Weaponize Federalism.
It would also allow Blue States to do what they do best: Progress their citizens health, education and wealth. Laboratories of Democracy…bring it on. If Red State voters get what they’ve actually voted for and love it, well then, great. Blue State voters can get what they want. Win-win. And don’t go on about how Blue voters in Red States are going to suffer, because THEY ALREADY DO. I’ve been living in Purple/Red States my entire life.
Of course, all of this is coming as the modern Petroleum-based society is about to start collapsing, but the better off you are when collapse starts happening, the better of you’ll be when you’re knee-deep in it, but I digress.
Oh yeah, and before I forget.
The Second Amendment isn’t just a right, it’s a responsibility.
After 40 years in this country, I have concluded USA is at heart, at the very bottom of its heart, a radical conservative country. Where I live in Ventura County, SoCal – moved here from LA County – I see it all around me… subtly or not so subtly… even lots of Hispanics are quite conservative… our handyman is refusing to take the vaccine, even though his wife has taken it…
My Indian American doctor friend says his conservative doctor colleagues have quite differing opinions – among the white doctors, there is some aspersions cast on African Americans… but among other immigrant doctors, there is resentment of Hispanics…
Maybe some time in the distant future, it will get back to FDR great society liberalism… but not in the short run… and by then climate change will have changed our country (and the world) so radically!
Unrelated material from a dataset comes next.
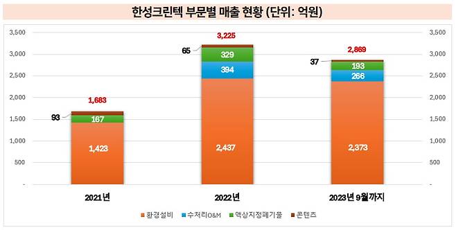초순수 사업이 확대되며 회사 매출은 증가세다. 연도별 매출을 살펴보면 2021년 1683억원에서 2022년 3225억원, 작년 3분기 누적 2869억원으로 커졌다. 최근 3년간 초순수 관련 매출은 약 2400억원으로 전체 매출의 38%를 차지했다.
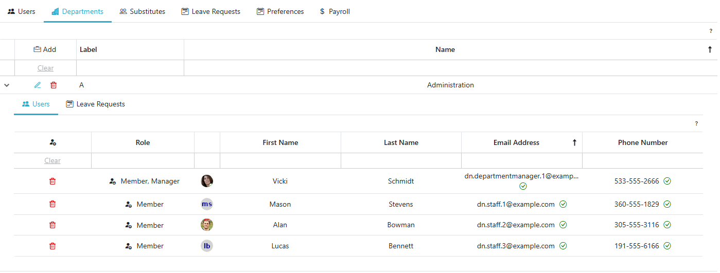 - The Users section allows administrators to manage users within a department at a specific location. Administrators can add, remove, or promote users as needed.

This male vs. female framing is simply wrong. Women are 52% of voters, if it were a simple as male vs. female this would have been settled long ago. It’s not the boys against the girls, it’s a religious divide not a gender divide. Evangelicals and conservative Catholics, vs. mainstream Protestants, liberal Catholics and none-of-the-aboves. The issue is one of religious beliefs imposed by means of government coercion. It’s not gender, it’s not race, it’s not class, the issue of abortion does not fit into any of the popular liberal/progressive frames. It’s one of the reasons we keep losing. We’re treating abortion as some sort of proxy war over the role of women but that is the wrong focus. That’s not what motivates the enemy.
The most zealous anti-abortion crusaders I’ve encountered have all been women. The majority of white women voted for Trump. Twice.